Elizabeth Oakes Smith, “The Willows,” and General Washington
Timothy H. Scherman
Plans for archeological excavation at Lakeview Cemetery in Patchogue, Long Island are underway. Specifically, experts will be examining the site of “The Willows,” home of Elizabeth Oakes Smith and Seba Smith from 1859 to 1870. The lives and work of both these writers are significant parts of literary and social history in the area, but more significant, to many, is the possibility that the building purchased by the couple in 1859 was once the tavern where General Washington was entertained or housed on his tour of Long Island in 1790.
Diligent searches for legal records documenting the sequential sale and/or transfer of this property from the late 18thcentury to the date of the Smith purchase have been hampered by lapses in legal records, but the interest of Oakes Smith and her husband in the history of the US, the evidence of their significant investment in the storied life of Washington specifically, coupled with their financial means in 1859, argue strongly that their choice of a new home on Long Island was not random. Most important to recall is that while our records of the property’s provenance are incomplete now, 230 years after Washington’s visit, in 1859, only 70 years after the fact, the sequence of property ownership was doubtless much more clear. Proud of her financial success and continually interested, as a woman writer, in claiming the same rights as men to the documentation of American history, it would be completely fitting that, hearing of the Woodhull mansion’s relation to Washington’s stay, Elizabeth Oakes Smith would have made a special effort to purchase a property with such a link to American history.

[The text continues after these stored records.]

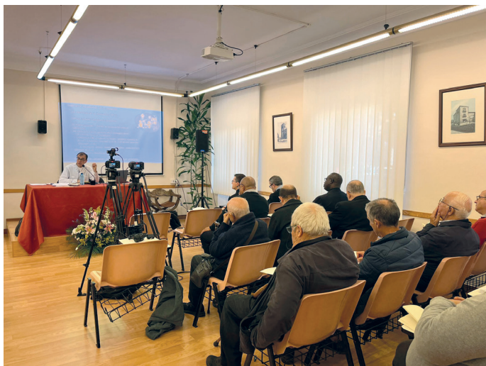
Primera de las sesiones de formación

El día 15 de octubre tuvo lugar la primera sesión de la formación permanente del clero en la Casa Diocesana de Soria. Durante el curso, las sesiones de formación estarán dedicadas al estudio y profundización del Directorio para
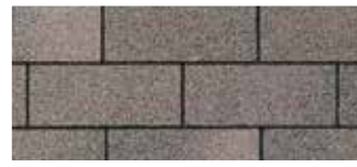
Driftwood · Bois flottant
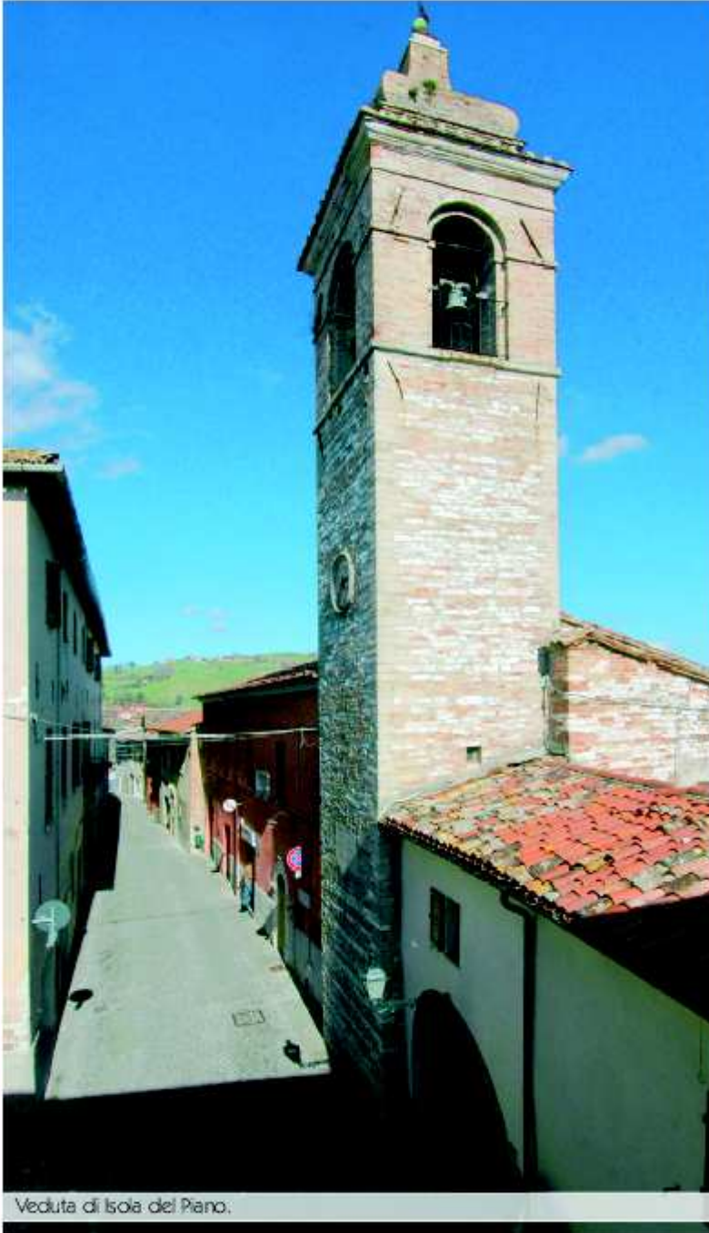
Veduta di Isola del Piano.
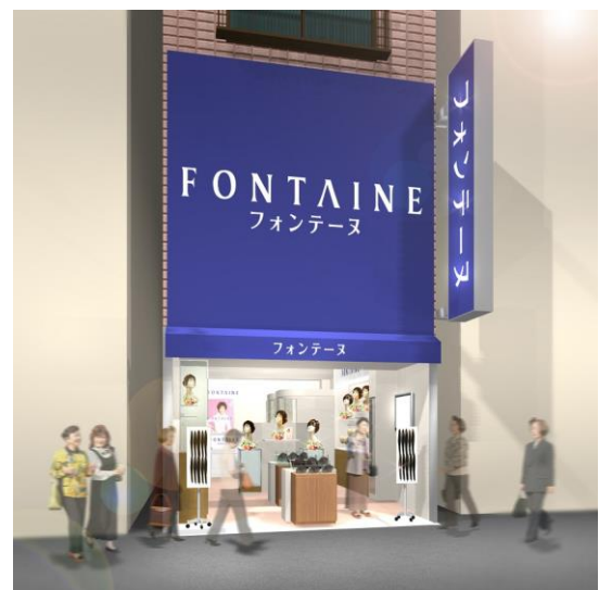
「フォンテーヌ巣鴨地蔵通り」 （イメージ図）
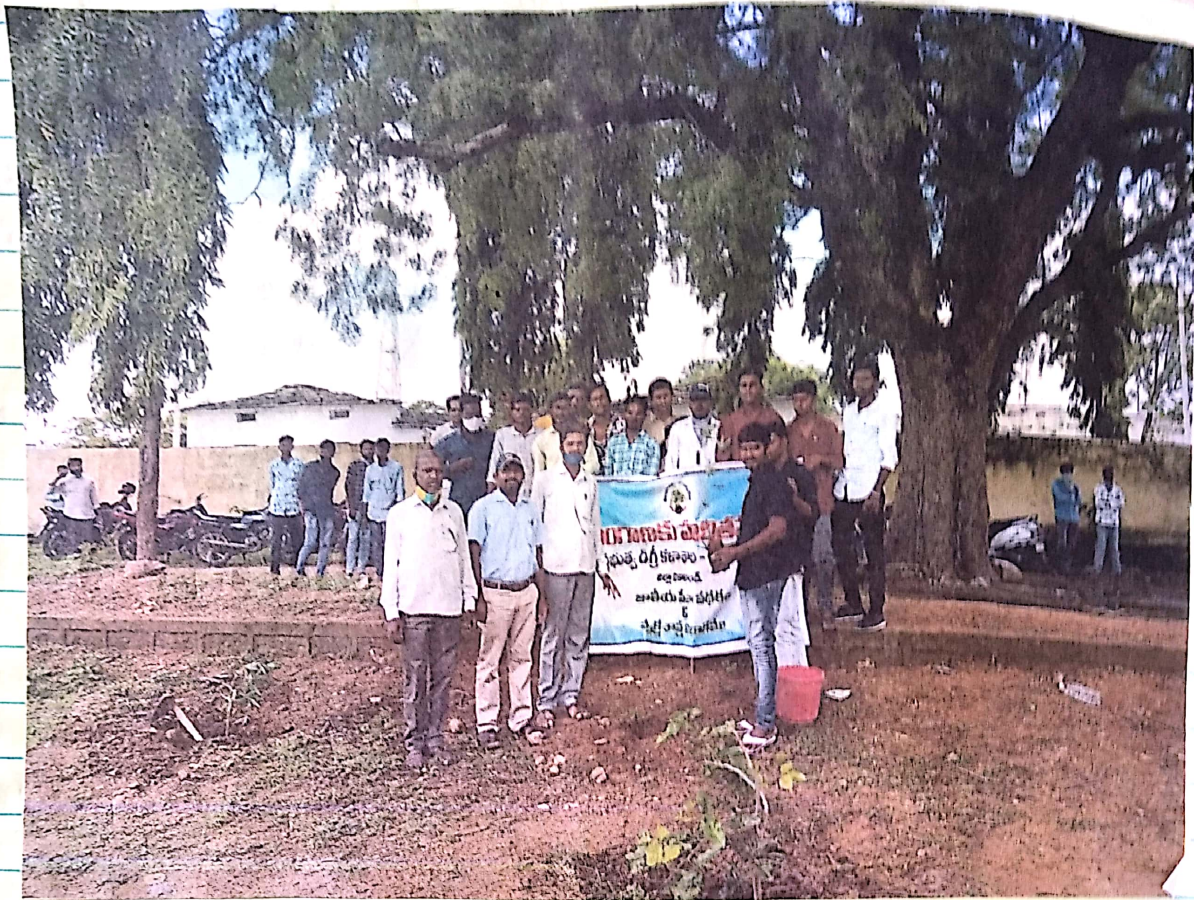
ಕೃಷಾಪಾಲ ಆರೋಗ್ಯ ಕಾರ್ಯಕ್ರಮ ನಡವಿಸಿ ಅಧ್ಯಕ್ಷರು
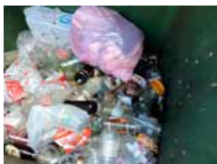
Ne odlažite komunalno smeće u otpad za recikliranje

Stoga apeliramo na građane da to ne čine te da PVC otpad odlažu u žute, papir u plave, a otpadno staklo i boce u zelene kontejnere. Oni će idućih dana
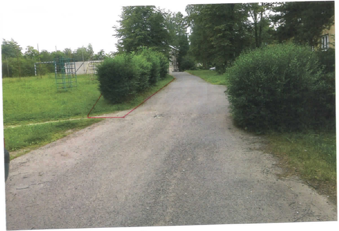
Pančela 1405/77 - komuni kace
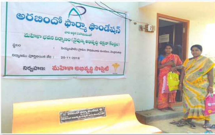
Skill Development Centre
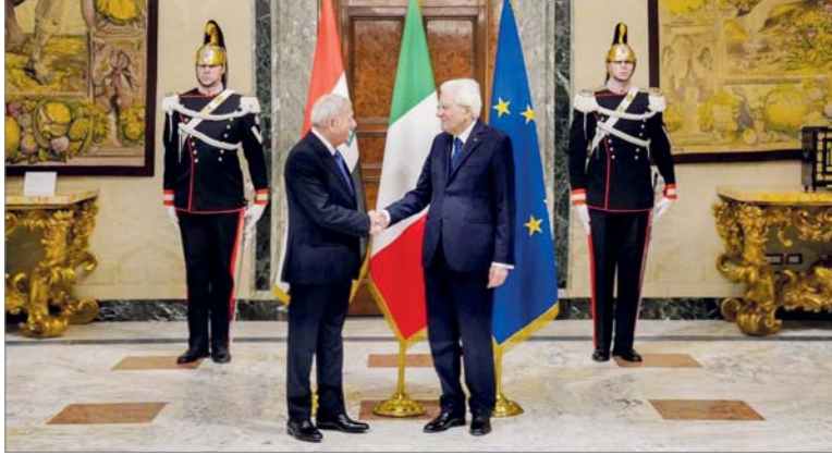
رئيس الجمهورية، العراق إحدى الدول التي تعاني من شح المياه
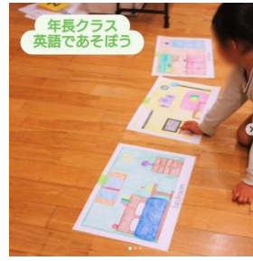
tokumochikg 2025.11.06 (木) 🏠👉👈 年長クラス「英語であそぼう」 アルファベットカードを使ってA B C...の順番に、並べました 本日のお題は R O O M ~LIVING 'リビング'・KITCHEN キッチン・BED ベッド・BATH バス をカードを使ってYES NO クイズにして学びました👍

Like most white Americans of the antebellum period, and particularly as writers and editors in the publishing industry in the 1830s and 40s, Elizabeth Oakes Smith and her husband read and wrote frequently of Washington as the “father of our country,” a modern mythic figure around which the ideals of the US population were centered. In the summer of 1847, however, Oakes Smith’s relation to Washington became more material and personal, when she visited the family of Judge Hagerman and the Hopper family near what is now Mahwah, New Jersey. There, she dined with an elderly member of the Hopper family who displayed part of a dinner service used to entertain Washington, and she enjoyed a tour of the area, where Judge Pierson, a key land owner in the area, pointed out to her the hemlock that marked the place where Washington camped during the Revolutionary war.
This experience made such an impression upon her that she began to incorporate this local history into several of her works—whether in prefatory remarks (as in her novel, The Salamander (1848), set in the Ramapaugh Valley of an earlier time) or in the main plot (her novel The Ramapo Pass: A Romance of the Revolution, (1848), in which Washington is a principal figure. In fact, Oakes Smith expanded the latter novel with a new more detailed preface remembering her visit with the Hoppers in a serial reprint, The Intercepted Messenger of Ramapo Pass in Emerson’s United States Magazine in 1856, a journal she edited along with her husband from 1856 to 1858, and then expanded the same work again for a novel in Beadle’s Dime Novel series under the title The Bald Eagle in 1867.
Most important, to her, was the authority such “local history” might provide for her as one documenting American history. In an 1849 letter to Benson Lossing, author of The Pictorial Fieldbook of the Revolution (1850), she shared the details of her visit to the Ramapaugh Valley, concluding, “I have been thus explicit, Sir, in giving you these details, because I consider them essential to this part of our history, and as throwing additional light upon the character of Washington.” When her anecdotes were incorporated in Lossing’s work, she proudly remarked in a letter dated March 1, 1851 “I am much gratified at being given an authority in your work, for I am very unwilling to be regarded as a mere Magazine writer, a compounder of mawkish stories, and sentimental poetry.”
Elizabeth Oakes Smith’s lecture career and her turn to the feminist cause from 1850 to 1857 turned her focus away from American history as such, but when she joined her husband as co-editor of Emerson’s United States Magazine (later The Great Republic Monthly) from 1856 through 1859, she returned to her work on Washington. The magazine’s series on “The Capitol at Washington,” followed by fourteen long installments of a serialized “Life of Washington” from June 1857 to November 1858 show a continued dedication to this central figure in US history.
In sum, especially given their immediately preceding work on Washington, lasting at least from 1847 to 1859, it would make perfect sense that Oakes Smith and her husband might choose to purchase the home in Patchogue that local residents knew, better than any lawyer, held a direct relation to one of the figures at the center of their work and American history. There were obviously current residents in Patchogue in 1859 who were living at the time of Washington’s visit, who needed no research archive or legal records to document the connection.